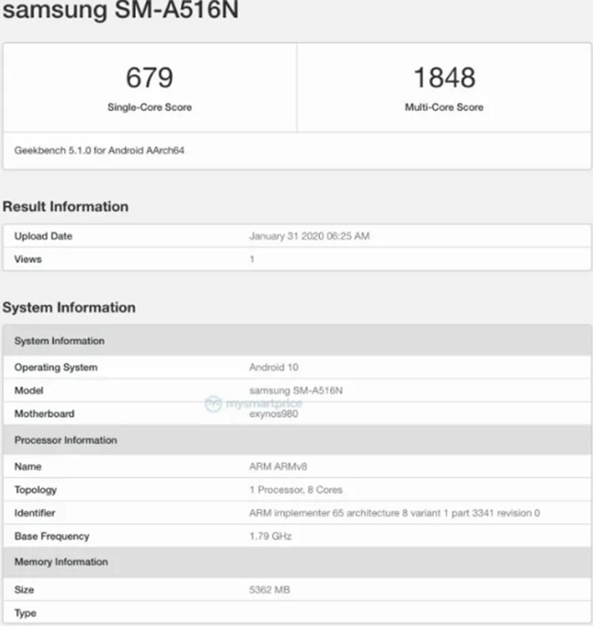 三星最近推出了三星Galaxy A51智能手机。事实证明,现在,该公司可能还会推出其5G变体。三星Galaxy A51 5G智能手机最近在Geekbench数据库网站上被发现。让我们看一下三星Galaxy A51 5G智能手机的关键规格和Geekbench得分。从Geekbench列表中可以看出,三星Galaxy A51 5G在单核测试中获得679分,在多核测试中获得1,848分。该设备将由该公司内部的Exy
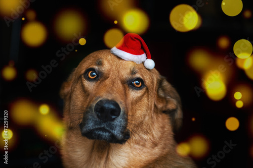 red cute puppy dog wear santa's hat on dark background. merry christmas and new year
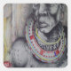 Beautiful amazing artistic cute facial vintage elegant graphic drawing painting tribal ethnic traditional jewellery colourful necklace beaded Maasai woman Square Sticker

## Description of the task
Could you repeat the listing above exactly, omitting its pictures?

## Written solution
 三星最近推出了三星Galaxy A51智能手机。事实证明,现在,该公司可能还会推出其5G变体。三星Galaxy A51 5G智能手机最近在Geekbench数据库网站上被发现。让我们看一下三星Galaxy A51 5G智能手机的关键规格和Geekbench得分。从Geekbench列表中可以看出,三星Galaxy A51 5G在单核测试中获得679分,在多核测试中获得1,848分。该设备将由该公司内部的Exy
 red cute puppy dog wear santa's hat on dark background. merry christmas and new year
 Beautiful amazing artistic cute facial vintage elegant graphic drawing painting tribal ethnic traditional jewellery colourful necklace beaded Maasai woman Square Sticker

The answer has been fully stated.